Finally!
function u = layout(L, M)
% finds a layout for the graph G(L, M) using Halls energy
% L is the laplacian of the graph G
% M is the mass matrix
% calculate composite graph
B = M^(-1/2) * L * M^(-1/2) ;
% v = M^(-1/2) * u
% insert approprate algorithm here [Lanczos, RQI, PI, ACE]
[v, d] = eig(B) ;
% u are the resulting eigenvectors
% disgard the first column
% the second column is the Fiedler vector
% subsequent columns are the coordinates in n-space
u = M^(1/2) * v ;
end
So for anyone (especially those who wish they did better than a 50 average in first year maths) trying to wrap their heads around Koren et al’s ACE algorithm, the key is that it’s 2 paragraphs identifying the actual method used and 36.5 pages describing a way to make it really fast.

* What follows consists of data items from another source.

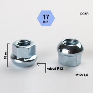 Matice M12x1,5 koule R12 otevřená, klíč 17, výška 18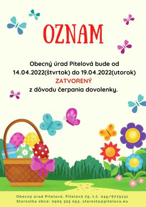 Oznamujeme občanom, že Obecný úrad Pitelová bude od 14.04.2022(štvrtok) do 19.04.2022(utorok) ZATVORENÝ z dôvodu čerpania dovolenky.
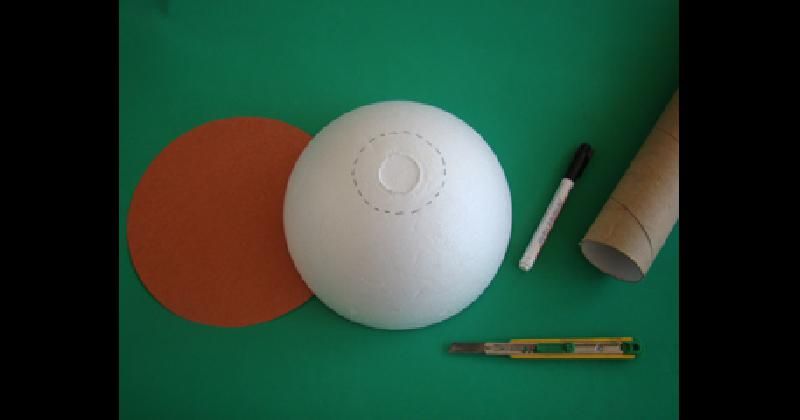 Según el tamaño deseado para la vasija, seleccionar la semiesfera de telgopor y el tubo de cartón de un diámetro acorde. Marcar este diámetro en el centro de la semiesfera y calar con el cúter. Cortar un cartón con el mismo diámetro de la semiesfera, para formar la base de la vasija.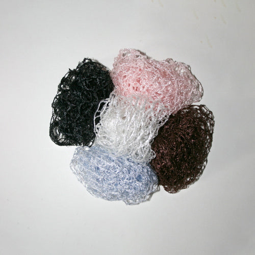 ¾” hexagon heavy mesh rayon wave net in a polybag. The bag has a hole for hanging. Available in black, blue, brown, pink, and white.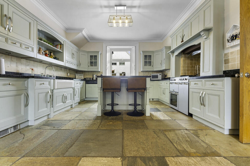 KITCHEN/DININGROOM26' 8" x 14' 6" (8.14m x 4.42m) A tastefully designed bespoke kitchen fitted with a range of base and eye level solid oak units, with ceramic sink and complementary granite work surfaces. Integrated dishwasher. Space for American fridge/freezer. Range cooker with extractor hood over. Central breakfast bar with granite work top. Tiled splash backs. Slate tiled flooring. The dining area includes feature fireplace with traditional tiled hearth and marble surround. Radiator. Double glazed bay windows to both side aspects. Glazed oak door to utility/games room.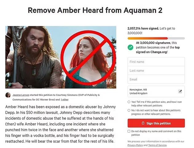 ▼隨著強尼戴普和安柏赫德的離婚官司越鬧越大,安柏赫德的形象也變得越來越糟。日前美國連署網站「Change.org」上出現了一個標題為「把安柏赫德踢出《水行俠2》」(Remove Amber Heard from Aquaman 2)的線上連署,截至目前已經有近300萬人連署,而且人數還在持續飆升中。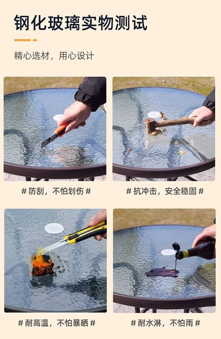 欣慕雅户外桌椅阳台露天桌椅套件小花园现代铁艺桌椅小茶几室外庭院桌椅 80cm水纹钢化玻璃组装圆桌+2椅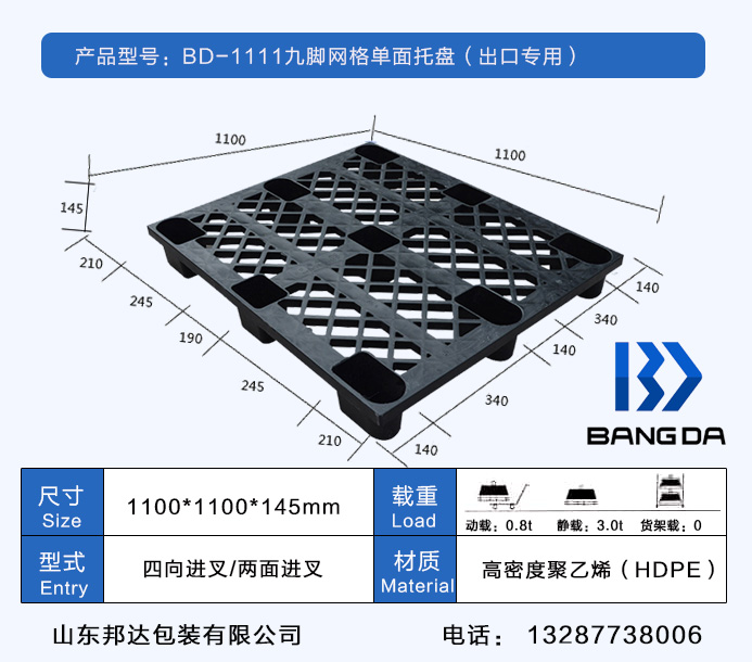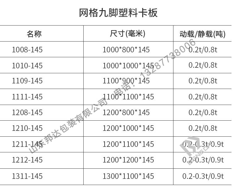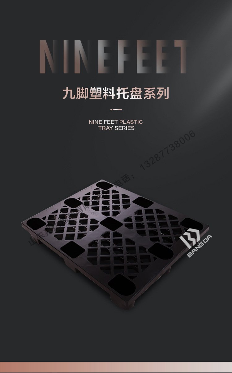 注:九腳網(wǎng)格托盤內部可加入鋼管,是為了達到增加承載的目的,延長托盤的使用壽命,塑料托盤如要在低溫環(huán)境中長期使用,要選擇全新料生產的產品。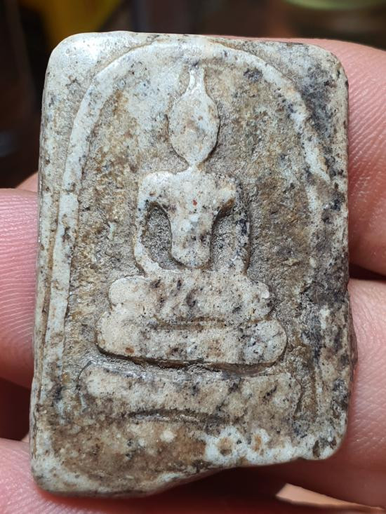 พระสมเด็จไม่ทราบที่เก่าดีมีรอยหักครึ่งติดกาวมาเนื้อแกร่ง(เหมามาครับ) |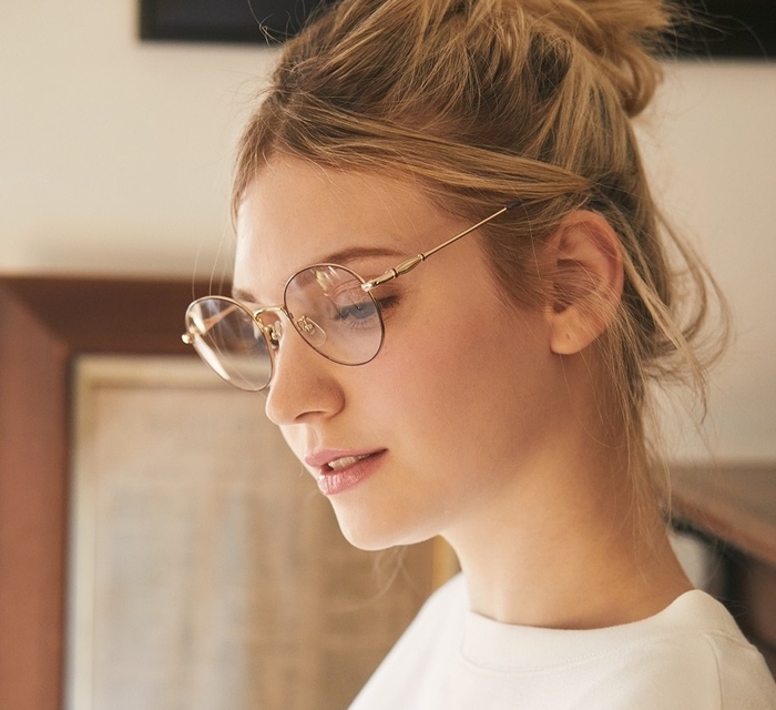 レンズの上下幅が浅めのベーシックなデザイン。プラスチックのテンプル仕様で、丁番部分にはスズランのモチーフを丸いメタル飾りに施しました。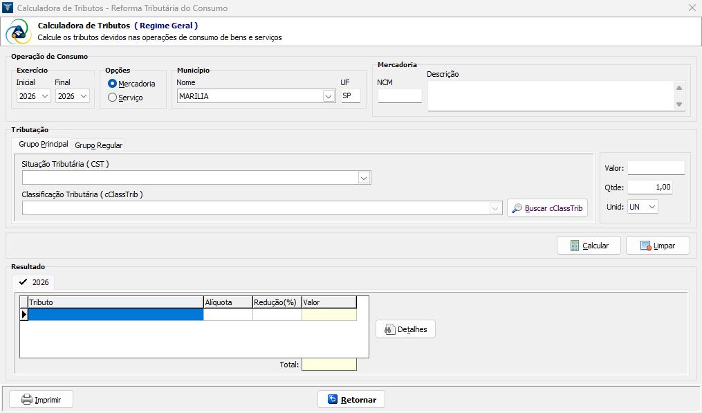 Será exibida a tela principal da Calculadora de Tributos do sistema: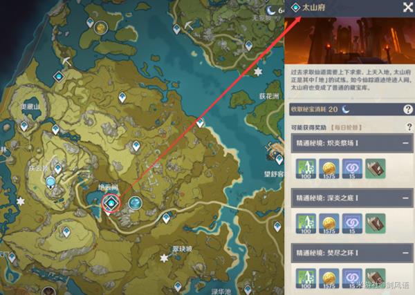 4.【「勤劳」的哲学】位于璃月绝云间地区,太山府秘境掉落(周二/周五/周日开放)。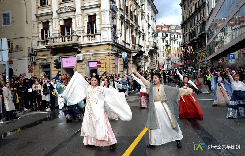 (크로아티아 리예카=신화통신) 크로아티아 자그레브대학교 공자학원과 리예카 오수처리장 프로젝트를 건설 중인 중국에너지건설그룹 장쑤(江蘇)성전력설계원회사가 지난 11일 팀을 이뤄 '리예카 카니발'의 퍼레이드에 참가했다. 참가단은 용춤·전통의상 등 중국 문화를 선보였다.크로아티아의 리예카 카니발 퍼레이드에 참가한 중국 참가단이 11일 전통의상을 입고 공연하고 있다. 2024.2.13

So, armed with this knowledge I now have something already significantly faster than the old iterative O(e^inf) physics model. Hooray for maths!
I just wish it hadn’t taken me a month or more to understand it :-)
So here’s some GNU Octave (and thus it probably works in Matlab too) that plots the example from the ACE paper:
L = [9 -5 0 -4 0;-5 17 -2 -7 -3; 0 -2 4 -2 0;-4 -7 -2 19 -6;0 -3 0 -6 9;]
M = eye(5)
u = layout(L, M)
x = u(:,2) ;
y = u(:,3) ;
plot([x(1);x(2)], [y(1);y(2)], "@16-;;",
[x(1);x(4)], [y(1);y(4)], "@16-;;",
[x(2);x(3)], [y(2);y(3)], "@16-;;",
[x(4);x(5)], [y(4);y(5)], "@16-;;",
[x(3);x(4)], [y(3);y(4)], "@16-;;",
[x(2);x(4)], [y(2);y(4)], "@16-;;",
[x(2);x(5)], [y(2);y(5)], "@16-;;")
Writing a plot function that iterates over the edge list (or for bonus points, the Laplacian) is left as an excercise for the reader.